# Kioti 3054 won't move.



## rcowartbuilds (Sep 7, 2011)

I've got a 1998 Kioti 3054 that won't engage in any gear. I've gone through the steps on page 43 of owners manual for adjustment but still get no response from tractor. Any help on this problem would be great.


----------



## BelarusBulldog (Feb 19, 2011)

Does your PTO still work? Are your hydraulics working? Bye


----------



## rcowartbuilds (Sep 7, 2011)

BellarussBulldog, yes on the hydraulics, and I think so on the pto. I had my bush hog attached and running. Last used the hydraulics to lift the bush hog up so I could wench the tractor up on the trailer.


----------



## BelarusBulldog (Feb 19, 2011)

If your PTO and hydraulics are working then it's not your clutch. My guess would be gear shift selector fork in top of transmission. Were you using the tractor at the time it stopped shifting? Bye


----------



## rcowartbuilds (Sep 7, 2011)

Yes, I had my backhoe attachment on, I went to load/drive tractor up on trailer, tractor went up the ramp and stopped, rolled back down, never had this happen before, backed up a little & got a running start, tractor went up ramp onto trailer. Got over to the farm, tractor backed or rolled off trailer ( not sure which now) cut the back hoe lose & hooked up bush hog, as I cut grass I noticed each time I stopped tractor took longer and longer to take back off to working speed.
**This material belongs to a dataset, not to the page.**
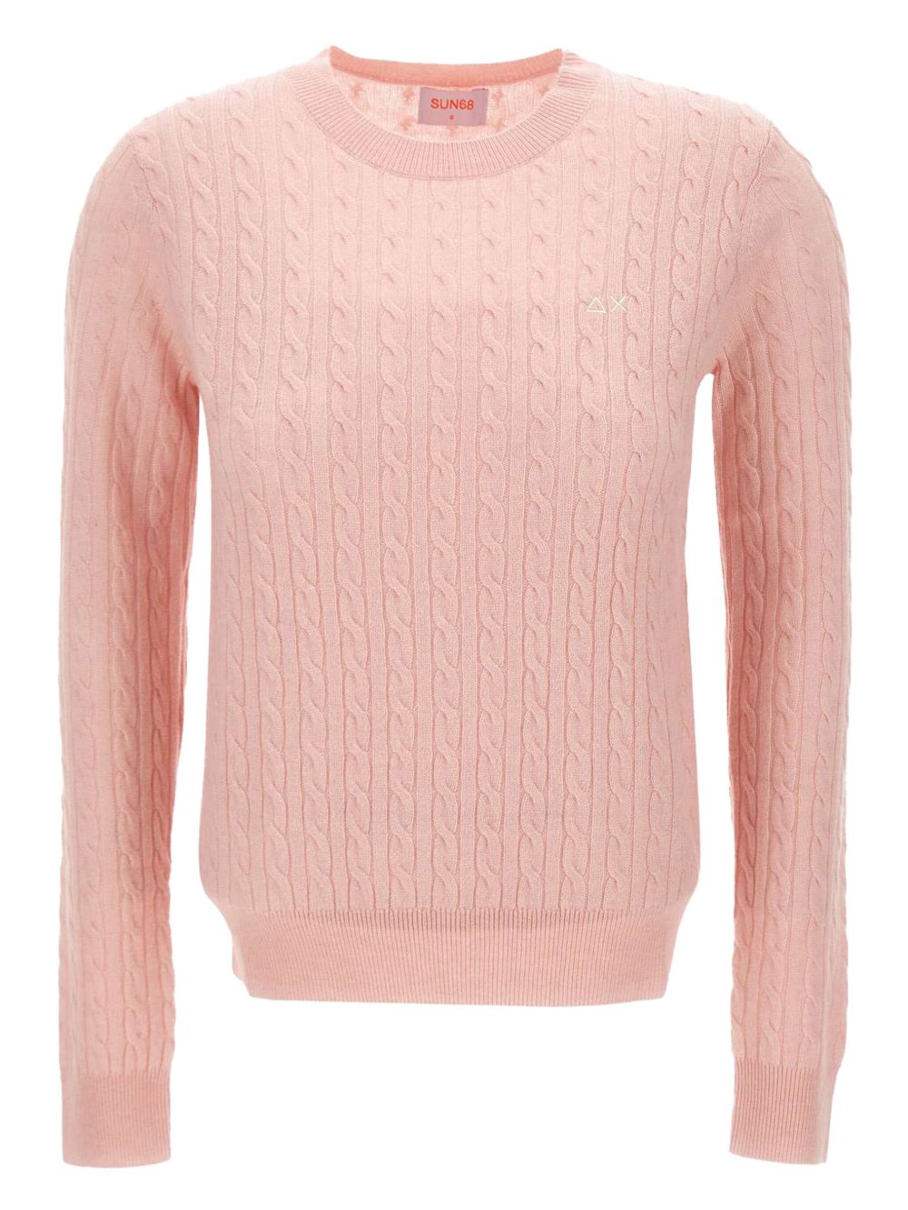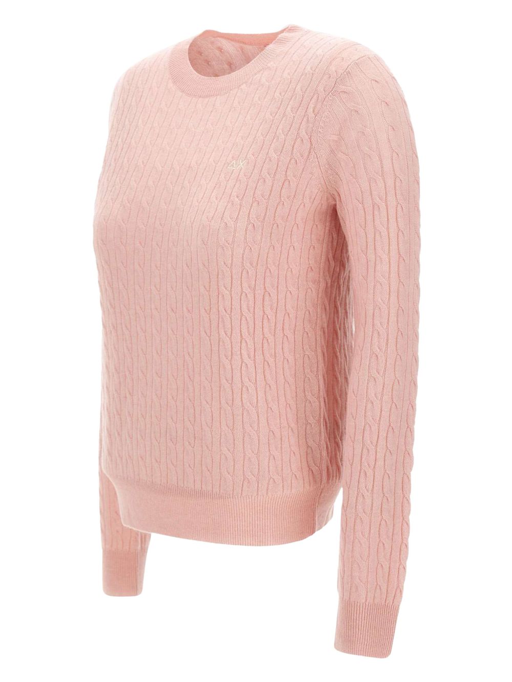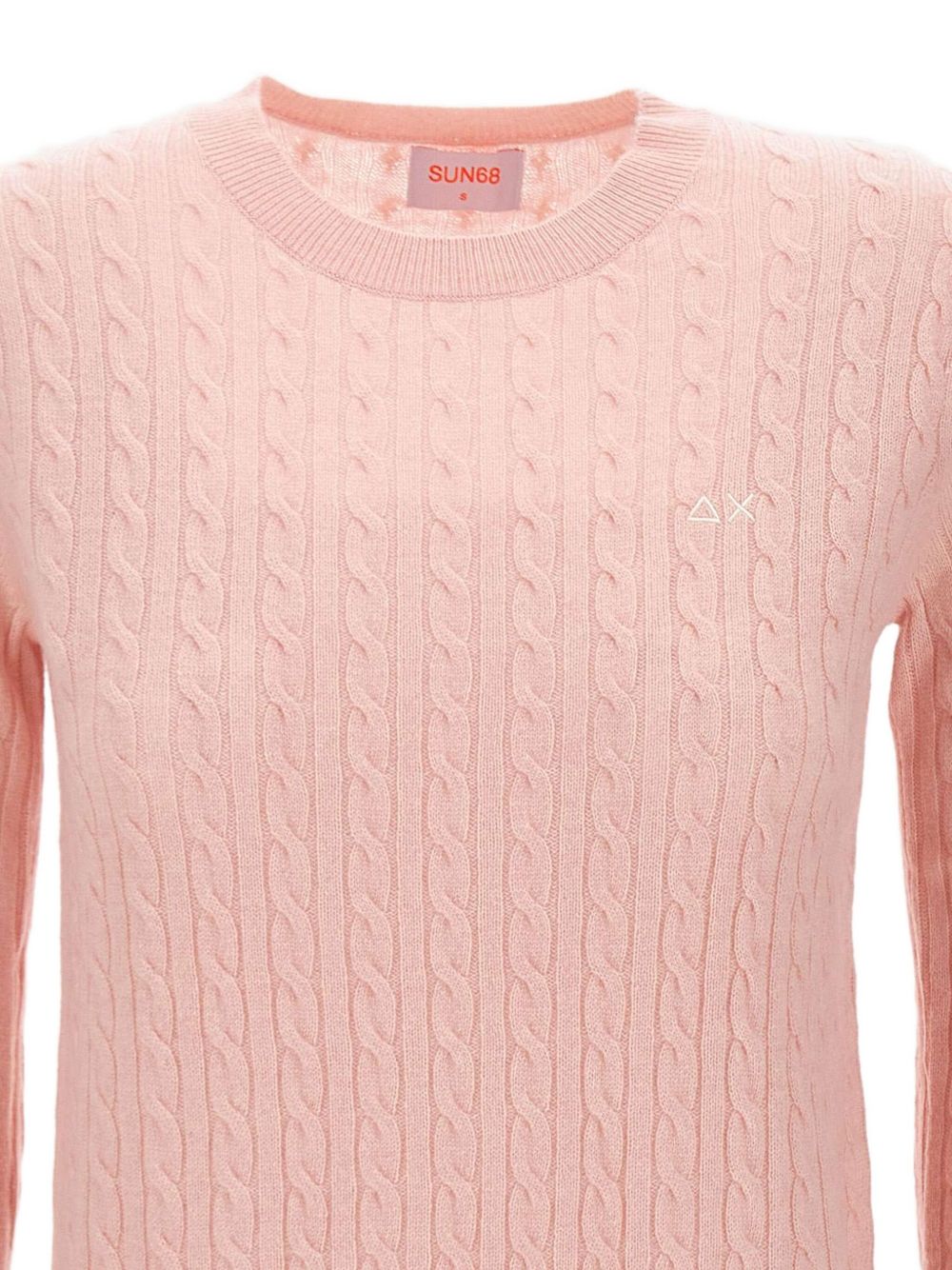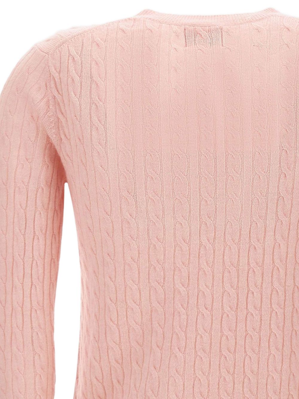 Realizzata in filato di lana e cashmere, lavorazione a trecce, girocollo, logo ricamato sul petto, 90% lana, 10% cashmere

It got to the point that if I gave the wheel a little push, tractor would take off. I tried adjusting the length of clutch rod but that has not helped the problem.
I've checked the thickness gauge between the thrust ball bearing and the release levers, if measuring the right spot, are in the allowances.


----------



## BelarusBulldog (Feb 19, 2011)

I could be that the pads on your clutch face plate are worn off or have oil on them. Strange for the rear PTO to still be working! Do you get a burny smell when using? Bye


----------



## rcowartbuilds (Sep 7, 2011)

BelarusBulldog, how much oil is to much? I stuck my finger in the side viewing hole and inserted a paper towel, both had a showing of oil, should the towel come out clean? I did check to make sure the PTO is working, and it is.


----------



## Franklin Howard (Feb 6, 2021)

rcowartbuilds said:


> I've got a 1998 Kioti 3054 that won't engage in any gear. I've gone through the steps on page 43 of owners manual for adjustment but still get no response from tractor. Any help on this problem would be great.


----------



## pogobill (Jan 31, 2012)

Hello Franklin. This thread is ten years old! You have quoted a previous post with now question of your own. Is there something you are trying to ask?


----------